Характерно, что мысль написать книгу о юном Сатане родилась у Твена под воздействием одного из апокрифических евангелий — о детстве Иисуса, где он предстает не только мудрым чудотворцем, как в канонических Евангелиях, но и двойственным существом, способным совершать и злые, и добрые деяния: он убивает своим словом мальчишек, хоть чем-то обидевших его. Родители погибших восклицают: "Каждое слово, которое Он произносит, доброе или злое, есть деяние и становится чудом!" — и просят отца его, Иосифа, научить сына любить — наверное, именно этот парадокс в образе юного Иисуса — отсутствие любви к людям — и привлек Твена34. И еще одна деталь — Иисус называет себя "посторонним" ("stranger"). Таким посторонним, отреченным был всегда Сатана, изгой христианской Вселенной. Твена неизменно интересовал герой, способный видеть больше и дальше других, отверженный и инакомыслящий: такими были два беглеца из "Приключений Гекльберри Финна", герои "Принца и нищего", Простофиля Уилсон и изгнанный из рая Адам, Жанна д'Арк и Сатана.

"Хронику молодого Сатаны" Твен начал писать осенью 1897 г. как продолжение "Приключений Тома Сойера" и "Гекльберри Финна", однако затем перенес действие повести в более далекие времена, убирая американские имена и реалии. В результате появилось три вариации, три самостоятельных произведения: небольшая по объему "Школьная горка" {Schoolhouse Hill), где таинственного незнакомца зовут Сорок четвертый и появляется он в школе на высоком берегу Миссисипи, где учатся Том Сойер и Бекки Тэтчер; "Хроника молодого Сатаны" {The Chronicle of Young Satan), действие которой происходит в австрийской деревушке с названием Эзельдорф (в переводе с немецкого — "Ослиная деревня") в 1702 г., где Сатану зовут Филипп Траум (по-немецки "мечта"), и, наконец, "44. Таинственный незнакомец" (No. 44. The Mysterious Stranger), где события разворачиваются в конце XVI в.

"Школьная горка" — произведение явно незавершенное, в нем юный отпрыск рода Сатаны только начал совершать чудеса: он поражает учителя и школьников своей памятью, повторяя все сказанное ими во время урока, за полчаса сумев освоить новый для него английский язык, а затем еще и латынь, греческий, математику и стенографию. В отличие от Иисуса из апокрифа, он не причиняет увечий даже злобному сыну мясника, садисту и мучителю, когда тот пытается отлупить сначала Сорок четвертого, а потом одного из мальчишек, приветствовавших победу странного незнакомца, а ранит лишь его отца, который попытался расправиться с ним. К нему тянутся добрые люди, его понимают домашние животные; он совершает ряд чудес и не успевает начать свою проповедь, как действие обрывается.

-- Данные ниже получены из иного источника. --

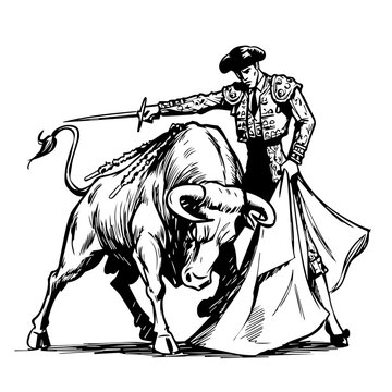 recommend clip art: Standing bullfights bull vector silhouette illustration isolated. Breeding bull shape shadow quality genetic material insemination. Organic food. Strong animal, powerful bull horns fighting in corrida

"Хроника молодого Сатаны" более объемна и сюжетно завершена. Ее рукопись послужила основой для издания, которое предприняли официальный биограф и литературный душеприказчик Твена, А. Б. Пейн, и редактор издательства "Харперс энд Бразерс", Ф. А. Дьюнека, в 1916 г., под названием "Таинственный незнакомец", исказив твеновский текст: злодея-священника, отца Адольфа, издатели заменили астрологом, выбросив вдобавок многие сатирические места повести. Семь лет спустя Пейн переиздал ее, добавив заключительную и очень важную главу, извлеченную из последнего, третьего варианта.

"Хроника молодого Сатаны" напоминает евангельский жанр своим сочетанием повествования с описанием непременных чудес и проповедей то в иносказательных притчах, то в гневных речах Филиппа Траума, племянника Сатаны. Конечно, у Твена повествование более развернуто, чем у авторов синоптических евангелий, однако и в "Хронике" стержнем произведения становится не столько история бедствий священника, отца Петера, неожиданно нашедшего кучу золотых монет и обвиненного другим священником, отцом Адольфом, в краже, и даже не приключения Траума и его юных друзей, сколько учение Сатаны. История двух священников, злого и доброго, служит своего рода притчей о смысле и ценностях жизни человеческой, развернутой иллюстрацией проповедей юного Сатаны.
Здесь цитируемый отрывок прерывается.